**ABOUT THIS EXERCISE:**
When you reach the line containing "お店の前には白い袋で丁寧に包" in the entries below, begin reproducing lines exactly, and stop once the line containing "A.풋볼365는 한국의 견고한" is done.

**AVAILABLE DATA:**
· · ·

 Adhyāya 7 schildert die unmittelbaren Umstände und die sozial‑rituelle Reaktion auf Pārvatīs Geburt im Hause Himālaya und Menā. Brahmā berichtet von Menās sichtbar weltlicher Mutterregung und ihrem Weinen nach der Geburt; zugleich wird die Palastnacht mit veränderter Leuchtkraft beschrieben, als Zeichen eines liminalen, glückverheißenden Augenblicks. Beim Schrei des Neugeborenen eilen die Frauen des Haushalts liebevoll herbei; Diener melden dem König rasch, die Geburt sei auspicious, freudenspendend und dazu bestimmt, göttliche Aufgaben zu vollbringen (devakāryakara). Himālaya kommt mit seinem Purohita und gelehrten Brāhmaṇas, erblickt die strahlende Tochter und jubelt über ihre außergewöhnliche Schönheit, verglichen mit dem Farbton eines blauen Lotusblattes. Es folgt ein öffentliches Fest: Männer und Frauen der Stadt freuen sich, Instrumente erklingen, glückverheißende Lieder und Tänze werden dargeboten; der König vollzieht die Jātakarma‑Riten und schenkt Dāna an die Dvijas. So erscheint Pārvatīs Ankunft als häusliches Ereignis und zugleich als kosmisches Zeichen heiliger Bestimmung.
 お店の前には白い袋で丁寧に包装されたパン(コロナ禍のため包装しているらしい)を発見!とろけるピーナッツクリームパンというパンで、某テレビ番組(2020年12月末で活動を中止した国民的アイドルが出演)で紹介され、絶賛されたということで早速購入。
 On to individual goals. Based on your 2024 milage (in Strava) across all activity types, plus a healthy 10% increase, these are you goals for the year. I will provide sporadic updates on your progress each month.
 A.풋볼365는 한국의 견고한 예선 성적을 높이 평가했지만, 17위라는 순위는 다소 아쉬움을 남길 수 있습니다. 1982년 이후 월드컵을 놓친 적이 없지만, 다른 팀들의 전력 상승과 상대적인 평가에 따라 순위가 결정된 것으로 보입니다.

· · ·

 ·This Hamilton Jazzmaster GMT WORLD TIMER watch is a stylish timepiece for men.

· · ·

**THE ANSWER:**
 お店の前には白い袋で丁寧に包装されたパン(コロナ禍のため包装しているらしい)を発見!とろけるピーナッツクリームパンというパンで、某テレビ番組(2020年12月末で活動を中止した国民的アイドルが出演)で紹介され、絶賛されたということで早速購入。
 On to individual goals. Based on your 2024 milage (in Strava) across all activity types, plus a healthy 10% increase, these are you goals for the year. I will provide sporadic updates on your progress each month.
 A.풋볼365는 한국의 견고한 예선 성적을 높이 평가했지만, 17위라는 순위는 다소 아쉬움을 남길 수 있습니다. 1982년 이후 월드컵을 놓친 적이 없지만, 다른 팀들의 전력 상승과 상대적인 평가에 따라 순위가 결정된 것으로 보입니다.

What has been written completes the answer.